It is not possible to get through a normal day in any part of this island these days without the subject of houses being brought up and discussed at length.
People are either talking about the price of houses, or how much their property has increased in value.
Now one of Ireland's brightest young poets has come up with a book of poems which she has called Other People's Houses.
Houses of one kind or other form the central theme of Vona Groarke's latest book, but the one thing she does not deal with is their price.
Vona was born in Edgeworthstown, Co Longford, and grew up in Co Westmeath, close to Ballymahon. She has won The Sunday Tribune New Irish Writer of the Year Award and the Hennessy Cognac Award for Poetry.
Her first collection, Shale (1994), won the Brendan Behan Memorial Award in 1995 which brought her national and international recognition.
She has been writer-in-residence at University College Galway in 1997 and at NUI Maynooth in 1998. She is currently writer-in-residence with Cavan County Council.
Her most recent success was winning the Strokestown Poetry Prize with her poem, The Way It Goes, when this festival was held for the first time earlier this year.
She explained that she had taken the theme of houses for her latest book because they reflect the physical and social landscape.
"I grew up in the midlands and I was always fascinated by buildings, mainly other people's homes or houses. Buildings are historical reference points," she said.

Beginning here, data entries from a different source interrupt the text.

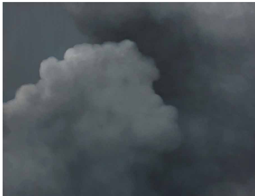
N 11.53974, W 85.61821 2013 Oil on Canvas 61 x 76 cm
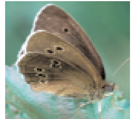
Female Ringlet – underside
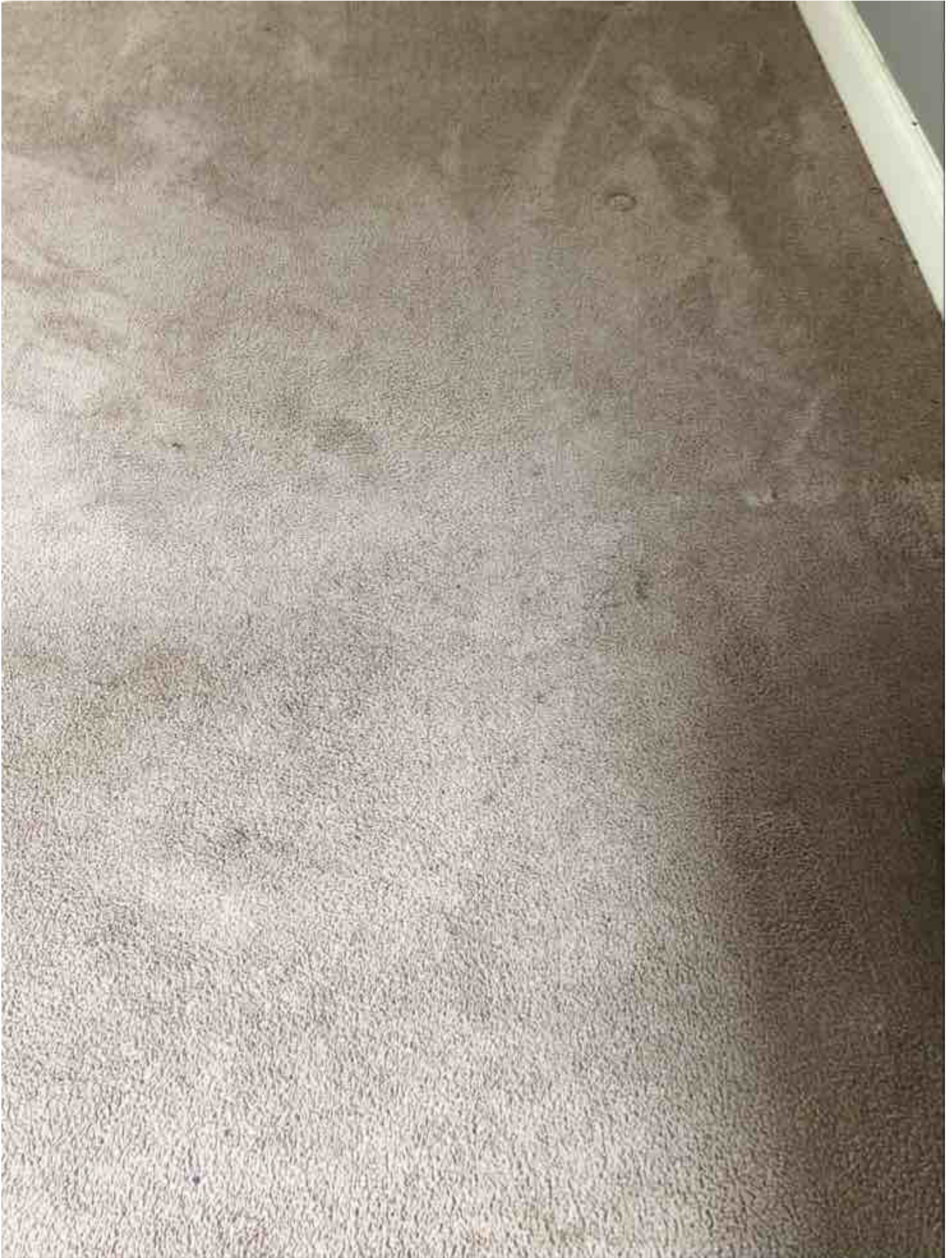
Shampoo 2 Bedroom: Not Ok

That is why she included in the collection a poem entitled Workhouses, as the workhouse in Ballymahon was a major building there. Another of her poems is entitled The Lighthouse. Such installations are few and far between in the midlands. This is a poem about the stories which grew out of rural electrification.
Vona will promote her book in Longford Library on June 2nd at 8.30 p.m. It is published by The Gallery Press, Oldcastle, Co Meath, priced £6.95p.